From: 'Rafael Misoczki' via
pqc-forum <pqc-...@list.nist.gov>
Sent: Friday 12 november 2021 22:52
To: pqc-...@list.nist.gov
Cc: Carlos Aguilar Melchor
<Carlos.AGUI...@isae-supaero.fr>; Edoardo Persichetti <epersi...@fau.edu>;
Nicolas Sendrier <nicolas....@inria.fr>; Gaborit
<gab...@unilim.fr>; Gilles Zémor
<Gilles...@math.u-bordeaux.fr>; Jean-Christophe Deneuville
<jch.den...@gmail.com>; Loïc Bidoux <loic....@owndata.org>;
Nicolas Aragon <nicolas...@etu.unilim.fr>; Olivier Blazy
<olivie...@unilim.fr>; Paulo Barreto <pbar...@gmail.com>; Shay
Gueron <shay....@gmail.com>; Slim Bettaieb
<slim.b...@gmail.com>; Tim Güneysu <tim.gu...@rub.de>; Valentin
Vasseur <valentin...@inria.fr>; tillich
<jean-pier...@inria.fr>; Ghosh, Santosh
<santos...@intel.com>; Jan Richter-Brockmann
<jan.richte...@ruhr-uni-bochum.de>
Subject: [pqc-forum] BIKE DFR
Dear NIST PQC Forum,
On October 31st, we shared with NIST a document that covers important results
on the Decoding Failure Rate (DFR) estimates for BIKE.
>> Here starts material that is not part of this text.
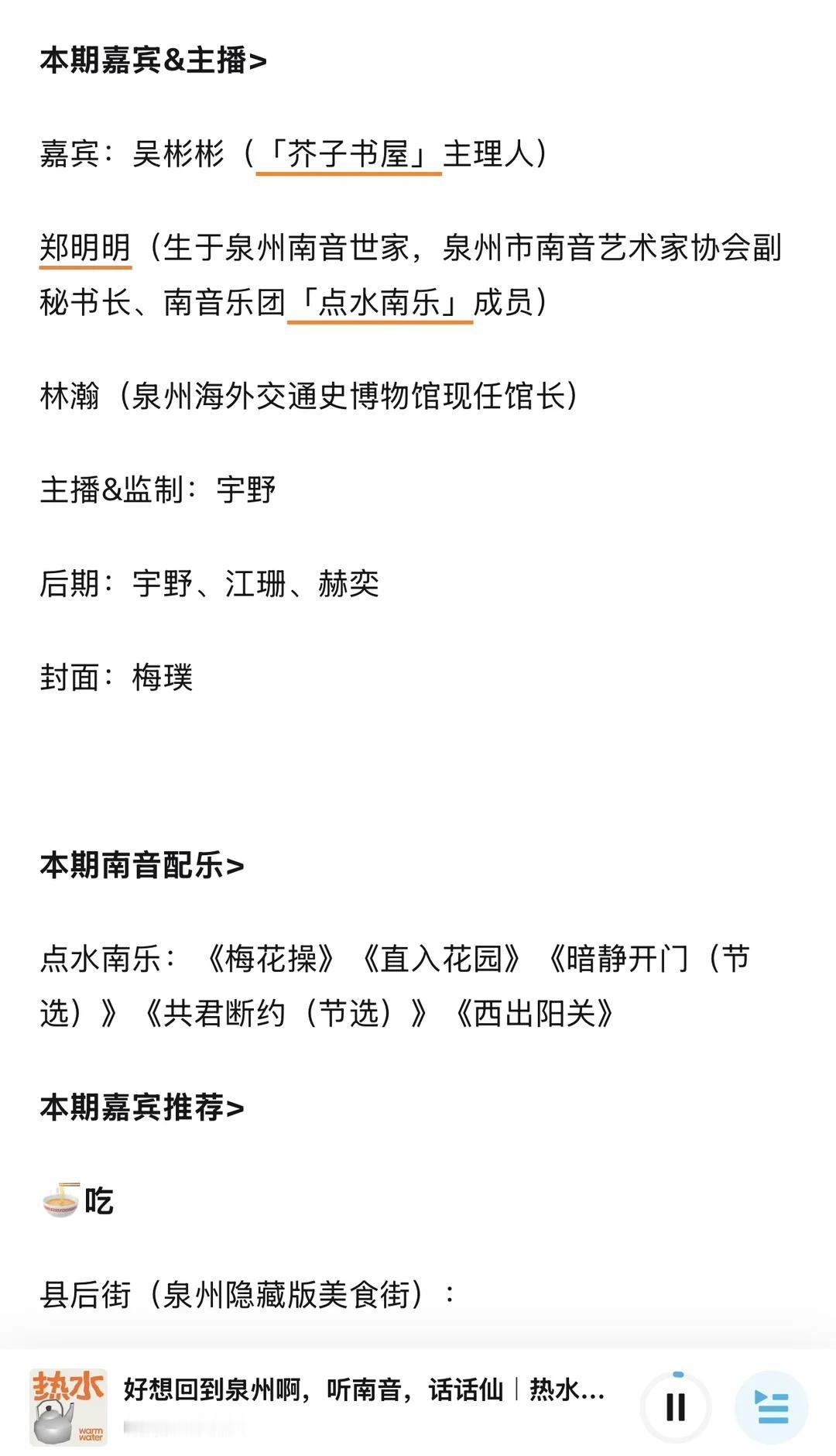 作为一个资深金鱼脑…… 我这种金鱼般记忆的人,时常看什么都有“常看常新”的滋味。 9月份参与了@about编辑部 的企划,带着「about热水频道」的朋友逛泉州,其实也有一种打开自己,了解自己的感觉。 和宇野一起探索泉州,一起观察我生活的城市,唤起了我久远的记忆,也找到了很多新鲜视角。 听到成片,特别保留了非常生活化的背景环境音,或许能让你更沉浸地加入我们的citywalk ?一起来「逛」「听」呀~ 🎧【关于我的show notes】 46:25 在南音中长大,是一种什么体验? 50:00 南音乐队里,最靠谱的人才能当琵琶手? 53:40 戳这里,听听南音四大件~🎵 58:58 有闽南人的地方就有南音 01:02:34 没听过南音?先听这几首,包入坑的 01:08:51 在西街偶遇音乐制作人,从此南音有了新声音 01:10:15 「希望我的学生们想起南音的回忆里,都有爱」 👩🏼🤝👩🏻【我们的路线】 天后宫➡️聚宝街➡️南音社 🎵【节目中的南音配乐】 @点水南乐 《梅花操》 《直入花园》 《暗静开门(节选)》 《共君断约(节选)》 《西出阳关》 about关于 about热水频道 正是明明 不是暗暗 泉州 播客 播客推荐

We were waiting for the ePrint (submitted on October 29th) to appear
before sending this note to the forum. It is now published and available at: https://eprint.iacr.org/2021/1458
Topics such as weak keys and near-codewords are covered in detail. The content
comes essentially from our team member Valentin Vasseur's recently published
PhD thesis.
We hope that this document can clarify remaining questions about BIKE decoding
techniques and the associated DFR estimates before NIST makes its final
selection.
Please let us know if you have any questions or comments.
Best Regards,
The BIKE Team